By now the topic of what is data? And how it is managed/organized using a database is no longer new. But questions around how best to manage/model data are still ongoing and with that, we will discuss some common database management systems and show some modeling concepts.
Hierarchical Database: Data is categorized into levels which are done based on connection links. This kind of a parent-child relationship. This form is not really scalable as when new data is required, one has to traverse the database, which is really expensive.
Network Database: This is similar to Hierarchical but the difference is that there is a child node that can be connected to multiple parents. It still carries over most of the cons of Hierarchical just less expensive.
Object-Orientated Database: Information is organized in the form of objects. We have Class and Inheritance like object-oriented programming. When you have complex data relationships, ODBMS is a good route and used quite a lot in building applications. Heard of object-relational mapping(ORM). This is the means of accessing the data objects within the code.

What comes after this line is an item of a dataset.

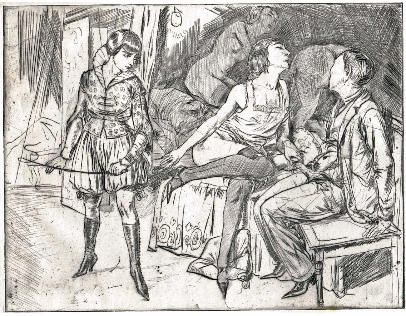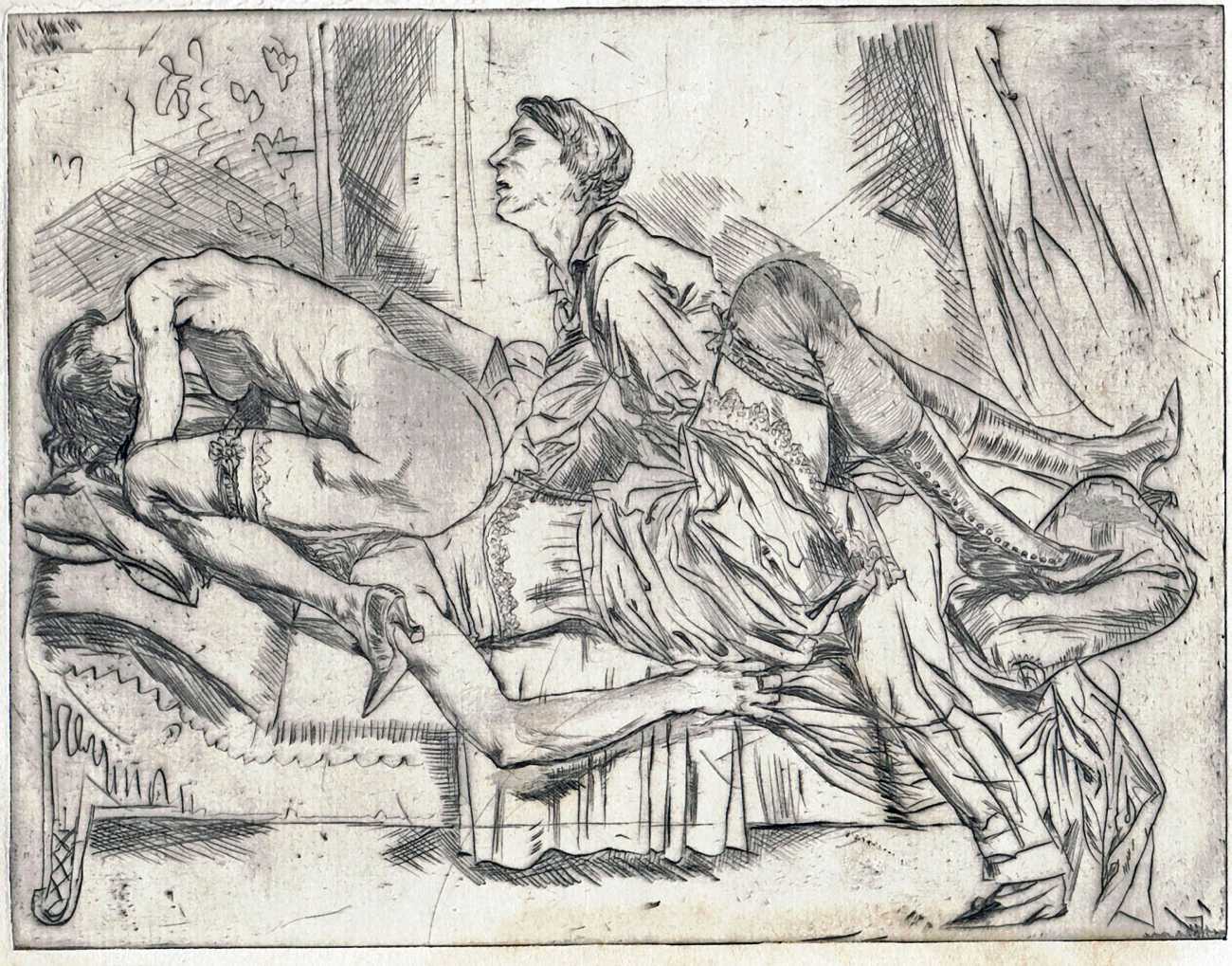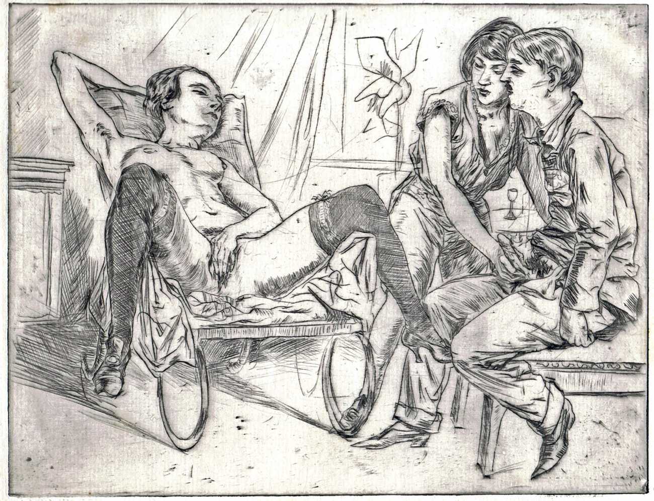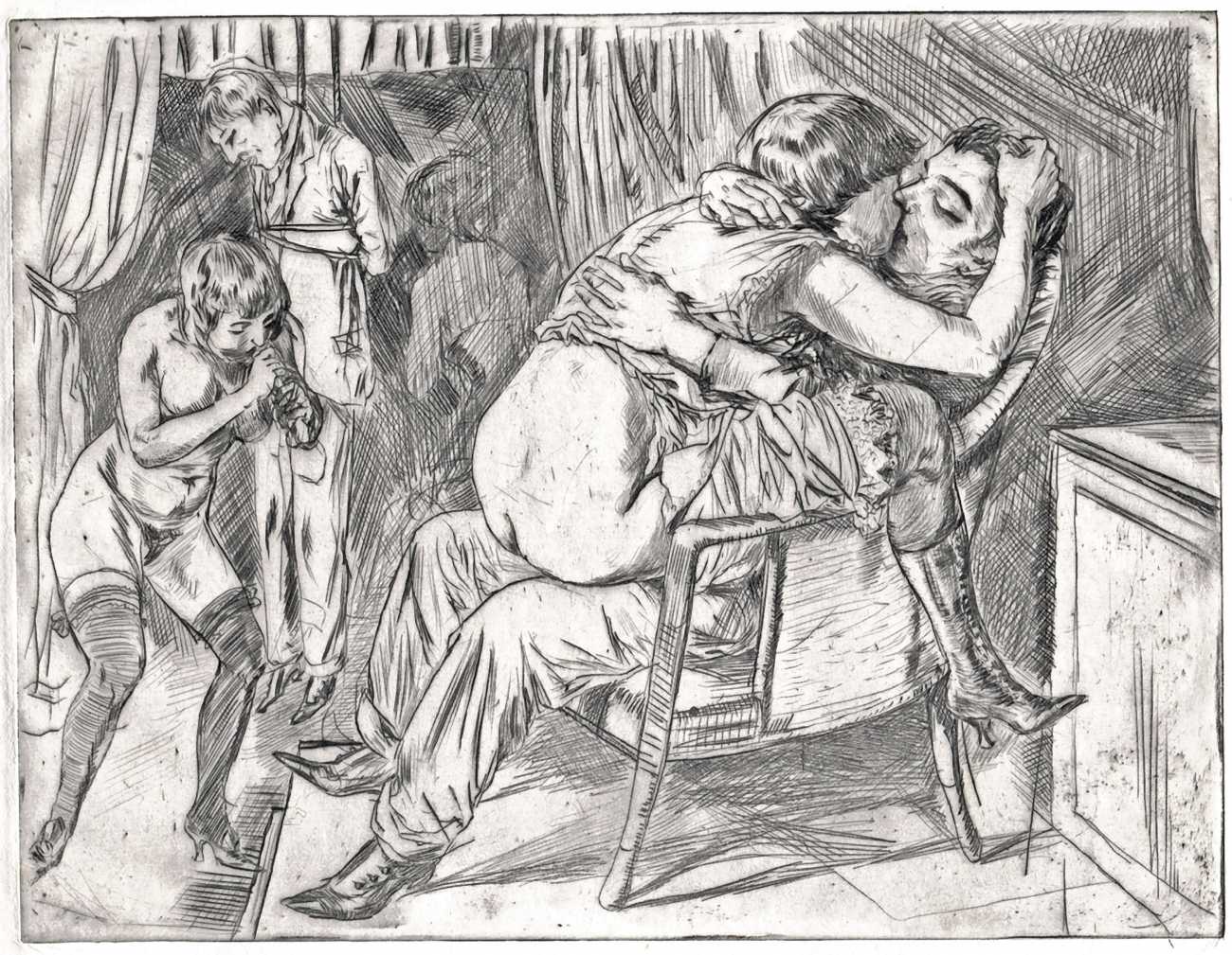 Rudolf Schlichter first produced erotic drawings in his early twenties, already displaying a penchant for an element of sado-masochism in his questioning of sexual power. It was a theme that he would return to regularly, especially in his prints and drawings from the early 1920s.
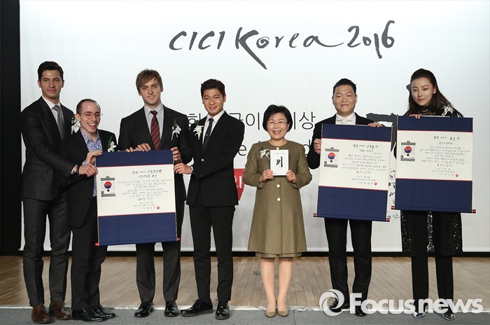 (서울=포커스뉴스) 12일 오후 서울 강남구 그랜드 인터컨티넨탈 호텔에서 한국이미지커뮤니케이션연구원(CICI) 주최로 열린 '제 12회 한국이미지상 시상식'에 수상자들이 포토타임을 갖고 있다. 왼쪽부터 알베르토 몬디, 타일러 라쉬, 기욤 패트리, 장위안, 최정화 CICI 대표, 가수 싸이, 바이올리니스트 클라라 주미강.

Relational Database: Can also be called a SQL DB and it is one of the most popular. The table is used to hold the data. Yes, the popular rows and columns database, with each data row having a relationship as implied by the name.
No-SQL Database: Quite different from the relational database in that It is not the only SQL and it comes in a variety of data models such as document, graph, key-value, etc. Popularity has grown as we look to handle data types. In RDBMS, if there is a change to the data model that might affect the data, the Database Developer might need to make some expensive modifications but not the same with NO-SQL.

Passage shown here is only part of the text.